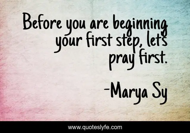 This page presents the quote "Before you are beginning your first step, let's pray first.". Author of this quote is Marya Sy. .
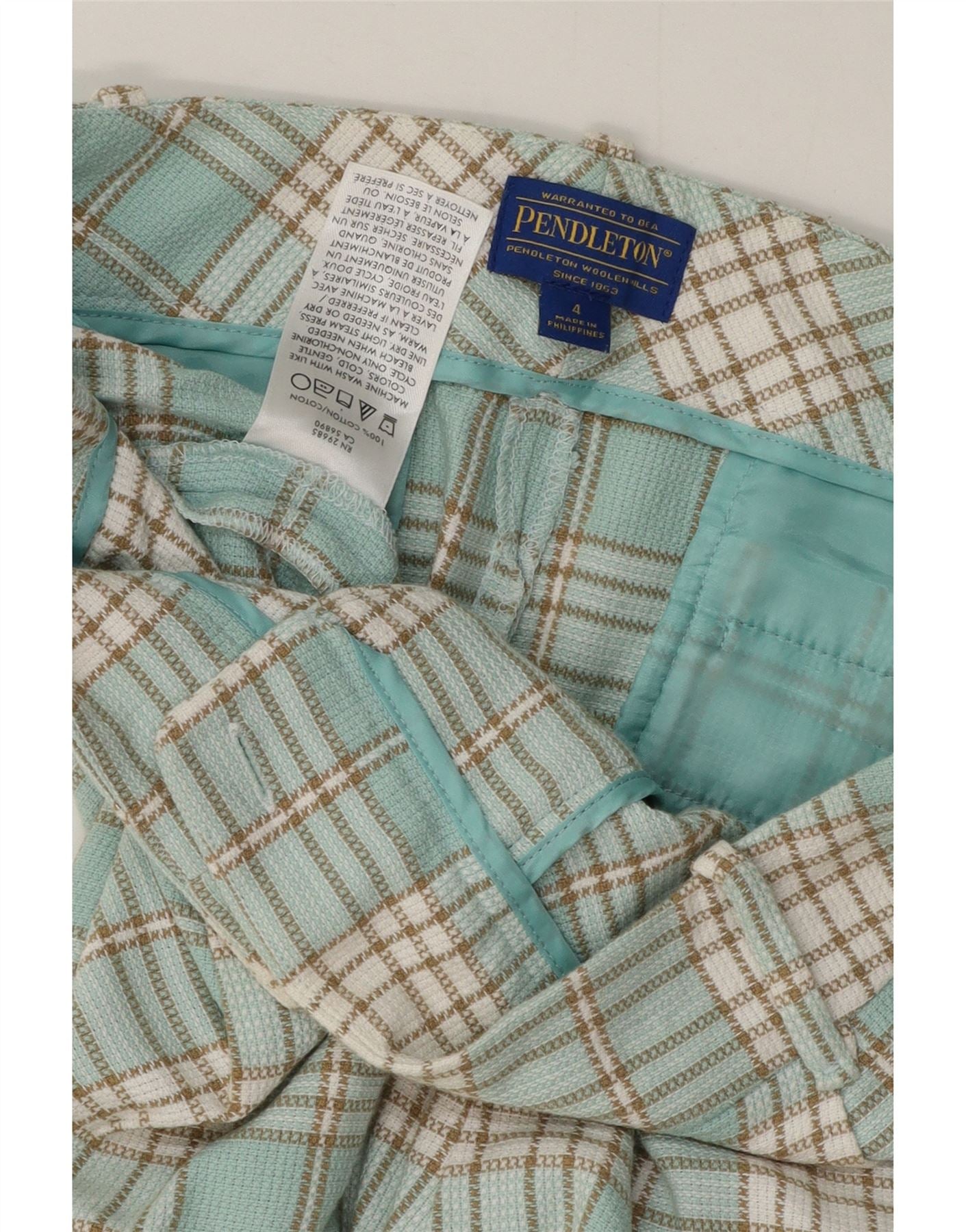 Calça chino feminina PENDLETON US 4 pequena W30 L28 xadrez turquesa
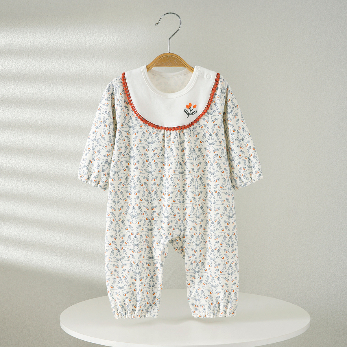Baby Long Sleeve Floral Print Romper with Embroidered Collar
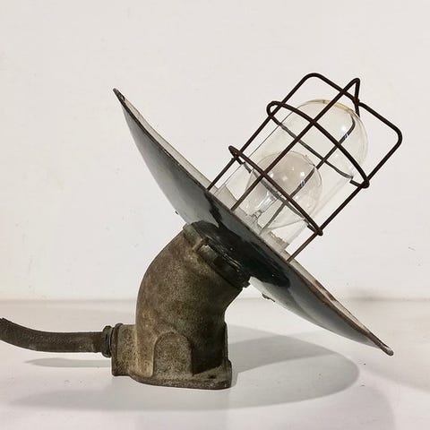 Kunstnerisk fremstillet loftslampe eller væglampe i jern og glas, industrielt solrosesformet design, fremstillet i Frankrig omkring 1990–2000, diameter 50 cm, dybde 17 cm, vægt 1,236 kg, i god brugt stand med mindre aldersrelaterede mærker, fungerer og elektrisk kontrolleret. Klik på den blå "gå til varen" knap, for at købe eller byde på denne vare. Den samlede pris vil blive vist inden du afgiver dit bud.
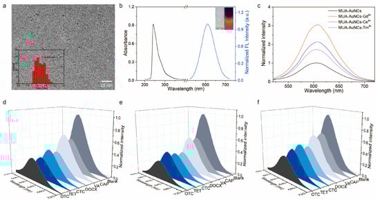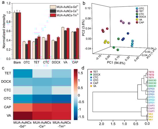 To study the possible response mechanism of the sensor array, the UV–Vis absorption spectra of MUA-AuNCs and six antibiotics (OTC, TET, CTC, DOCX, VA, and CAP) were measured. The selected six antibiotics had various absorbance in the range of 200–400 nm (Figure 2a), thus we speculated that the competitive absorption of these antibiotics to the excitation light can effectively quench the emission of MUA-AuNCs, which meant that IFE was a possible detection mechanism of the sensor array. Specifically, the UV–Vis absorption of MUA-AuNCs was approximately 250 nm, the UV–Vis absorption of TCs was in the range of 200–400 nm, while VA and CAP have maximum UV absorption approximately 290 nm and 280 nm, respectively. Since the UV absorption curves of MUA-AuNCs and the antibiotics showed various degrees of overlap, it indicated that IFE was indeed the main reason for the weakening of the fluorescence of MUA-AuNCs-Re3+, which verified our previous conjecture. Moreover, we found that the UV–Vis absorption spectra of these antibiotics did not overlap with the previously measured fluorescence emission spectrum of MUA-AuNCs approximately 610 nm, so fluorescence resonance energy transfer (FRET) was not the sensing mechanism of this sensor array. Among them, the absorption bands of the four kinds of TCs and MUA-AuNCs overlap greatly, corresponding to the strongest fluorescence quenching efficiency of TCs.
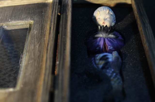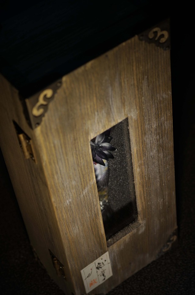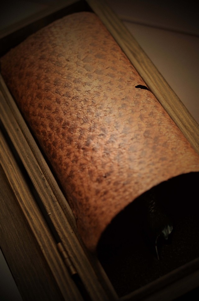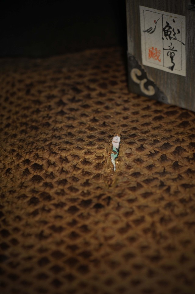 該款作品被末那定義為高端作品,所有的塗裝均按照定制塗裝級別去處理,全部經過末那塗壯師之手。為了凸顯出該款的品質與地位,還額外附送了魚皮一張(真的是魚皮!紋路細節非常贊)木盒一個(既可以當收納盒又可以當展示盒)。不管你是將這款作品拿出來放在魚皮上單獨擺放,還是直接放在木盒子裏,一種濃濃的藝術氣息撲面而來,讓你感覺這並非是簡單的手辦,而是一個精美的藝術品。

» TRY IT: Every line of the material must be returned exactly; leave the images out.

» EXERCISE RESPONSE:
 This page presents the quote "Before you are beginning your first step, let's pray first.". Author of this quote is Marya Sy. .
 Calça chino feminina PENDLETON US 4 pequena W30 L28 xadrez turquesa
Baby Long Sleeve Floral Print Romper with Embroidered Collar
 Kunstnerisk fremstillet loftslampe eller væglampe i jern og glas, industrielt solrosesformet design, fremstillet i Frankrig omkring 1990–2000, diameter 50 cm, dybde 17 cm, vægt 1,236 kg, i god brugt stand med mindre aldersrelaterede mærker, fungerer og elektrisk kontrolleret. Klik på den blå "gå til varen" knap, for at købe eller byde på denne vare. Den samlede pris vil blive vist inden du afgiver dit bud.
 To study the possible response mechanism of the sensor array, the UV–Vis absorption spectra of MUA-AuNCs and six antibiotics (OTC, TET, CTC, DOCX, VA, and CAP) were measured. The selected six antibiotics had various absorbance in the range of 200–400 nm (Figure 2a), thus we speculated that the competitive absorption of these antibiotics to the excitation light can effectively quench the emission of MUA-AuNCs, which meant that IFE was a possible detection mechanism of the sensor array. Specifically, the UV–Vis absorption of MUA-AuNCs was approximately 250 nm, the UV–Vis absorption of TCs was in the range of 200–400 nm, while VA and CAP have maximum UV absorption approximately 290 nm and 280 nm, respectively. Since the UV absorption curves of MUA-AuNCs and the antibiotics showed various degrees of overlap, it indicated that IFE was indeed the main reason for the weakening of the fluorescence of MUA-AuNCs-Re3+, which verified our previous conjecture. Moreover, we found that the UV–Vis absorption spectra of these antibiotics did not overlap with the previously measured fluorescence emission spectrum of MUA-AuNCs approximately 610 nm, so fluorescence resonance energy transfer (FRET) was not the sensing mechanism of this sensor array. Among them, the absorption bands of the four kinds of TCs and MUA-AuNCs overlap greatly, corresponding to the strongest fluorescence quenching efficiency of TCs.
 該款作品被末那定義為高端作品,所有的塗裝均按照定制塗裝級別去處理,全部經過末那塗壯師之手。為了凸顯出該款的品質與地位,還額外附送了魚皮一張(真的是魚皮!紋路細節非常贊)木盒一個(既可以當收納盒又可以當展示盒)。不管你是將這款作品拿出來放在魚皮上單獨擺放,還是直接放在木盒子裏,一種濃濃的藝術氣息撲面而來,讓你感覺這並非是簡單的手辦,而是一個精美的藝術品。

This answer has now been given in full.